El análisis de los fundamentales permite comprender mejor el potencial de rentabilidad de las acciones estadounidenses a largo plazo.

Morningstar 25/12/2017

Contrariamente a los observadores que predijeron una caída en el mercado bursátil estadounidense después de la elección de Trump, este ha saltado de récord en récord.

En 2017, el índice S&P 500 alcanzó 53 máximos históricos (tanto como en 2014), lo que provocó sentimientos contradictorios sobre la capacidad de esta clase de activos para establecer nuevos récords.

Algunos observadores, como Jeremy Siegel, creen que las acciones siguen siendo más baratas que los bonos. Otros, como Alan Greenspan, creen que "estamos entrando en una nueva fase económica - una estanflación que no se veía desde los años setenta, lo que no es bueno para los precios de los activos".

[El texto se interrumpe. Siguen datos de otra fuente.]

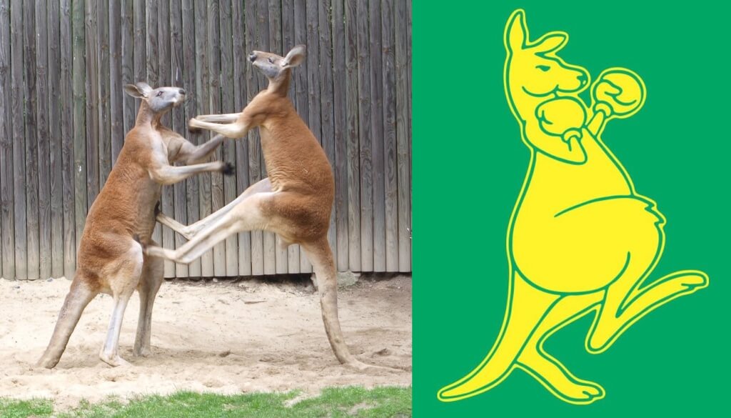 А национальные сборные Австралии по футболу, теннису и крикету используют в своей атрибутике национальный символ – «Боксирующего кенгуру». Столь странному названию он должен быть благодарен самим кенгуру, которые во время схватки с противником отталкивают его передними лапами, а более мощными задними — наносят сокрушающие удары, от которых противник получает серьёзные повреждения или даже погибает. Вид такого боя создает впечатление, будто бы кенгуру «боксирует» — отсюда и появился знаменитый образ «боксирующего кенгуру». Вначале его начали использовать бродячие артисты и циркачи. Затем он стал эксплуатироваться в немом кино и многочисленных мультфильмах, окончательно связавших его с Австралией. Во время второй мировой войны «боксирующий кенгуру», благодаря своим качествам: умению держать удар, стойкости и готовности одержать победу, стал символом Королевских военно-воздушных сил Австралии, появившись на фюзеляжах самолётов. Позднее эту символику задействовал и Королевский военно-морской флот.
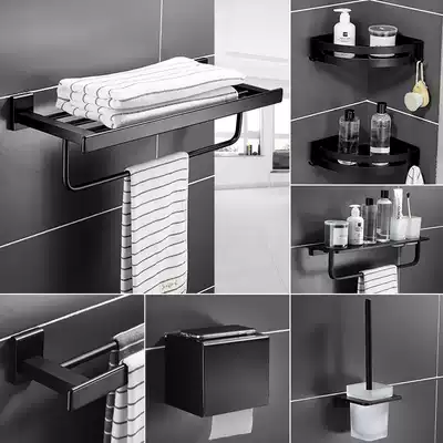 Nordic space aluminum simple modern padded black towel rack bathroom hardware pendant set rack

La elección de Donald Trump contribuyó a la agitación del mercado, pero otros factores, comenzando por las tensiones geopolíticas con Corea del Norte o las elecciones en Europa, también contribuyeron a los vaivenes del mercado a corto plazo.

Esta evolución errática ilustra principalmente el impacto de los sesgos de comportamiento que pueden afectar al razonamiento de los inversores, ya sea el temor a la aversión a las pérdidas o la miopía temporal de los inversores (demasiada atención prestada a corto plazo).

Pronosticar el desarrollo a corto plazo de los mercados bursátiles puede ser tentador, pero creemos que es más sabio y saludable confiar en las fuentes de rentabilidad a largo plazo de los mercados y entender su dinámica.

Nuestro marco de análisis consiste en dos pasos: primero, evaluar los fundamentos de la renta variable estadounidense; y segundo, determinar cómo estos fundamentos están valorados por la Bolsa.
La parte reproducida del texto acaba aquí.